■ PROBLEM TO WORK ON
Each line of data below must be printed exactly as written, with any pictures removed.

■ GIVEN MATERIAL
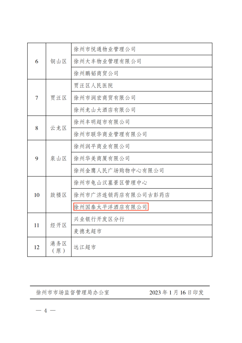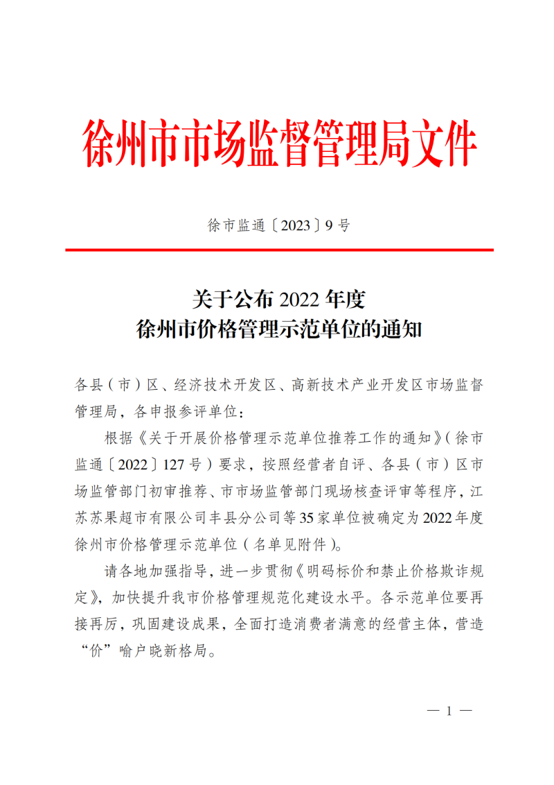 為深入推進價格誠信建設(shè),不斷規(guī)范和引導(dǎo)市場價格行為,培育誠實守信的市場主體。近日,經(jīng)過經(jīng)營者自評、各縣(市)區(qū)市場監(jiān)管部門初審?fù)扑]、徐州市市場監(jiān)管部門現(xiàn)場核查評審等一系列程序,國泰太平洋酒店榮獲徐州市市場監(jiān)督管理局“2022年度徐州市價格管理示范單位”榮譽稱號。
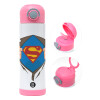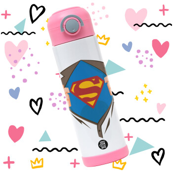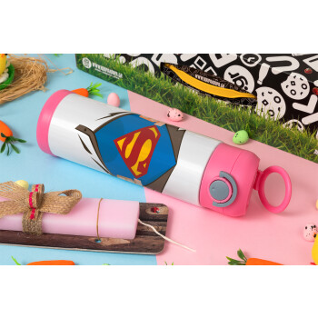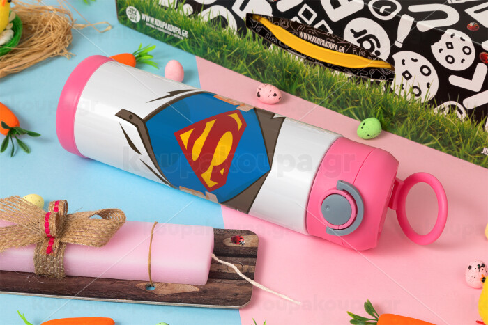 Superman hands, Πασχαλινή Λαμπάδα με Παιδικό παγούρι θερμό, ανοξείδωτο, με καλαμάκι ασφαλείας, ΡΟΖ (500ml)
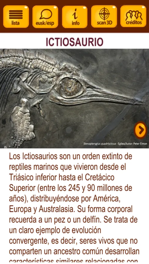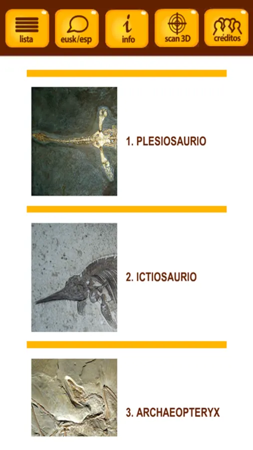 Es una aplicación que muestra información de fósiles que pueden encontrarse en el Museo de Ciencias Naturales de Álava, utilizando realidad aumentada para ver cómo eran estos animales en 3D.

■ OUTPUT FOR THIS TASK
 為深入推進價格誠信建設(shè),不斷規(guī)范和引導(dǎo)市場價格行為,培育誠實守信的市場主體。近日,經(jīng)過經(jīng)營者自評、各縣(市)區(qū)市場監(jiān)管部門初審?fù)扑]、徐州市市場監(jiān)管部門現(xiàn)場核查評審等一系列程序,國泰太平洋酒店榮獲徐州市市場監(jiān)督管理局“2022年度徐州市價格管理示范單位”榮譽稱號。
 Superman hands, Πασχαλινή Λαμπάδα με Παιδικό παγούρι θερμό, ανοξείδωτο, με καλαμάκι ασφαλείας, ΡΟΖ (500ml)
 Es una aplicación que muestra información de fósiles que pueden encontrarse en el Museo de Ciencias Naturales de Álava, utilizando realidad aumentada para ver cómo eran estos animales en 3D.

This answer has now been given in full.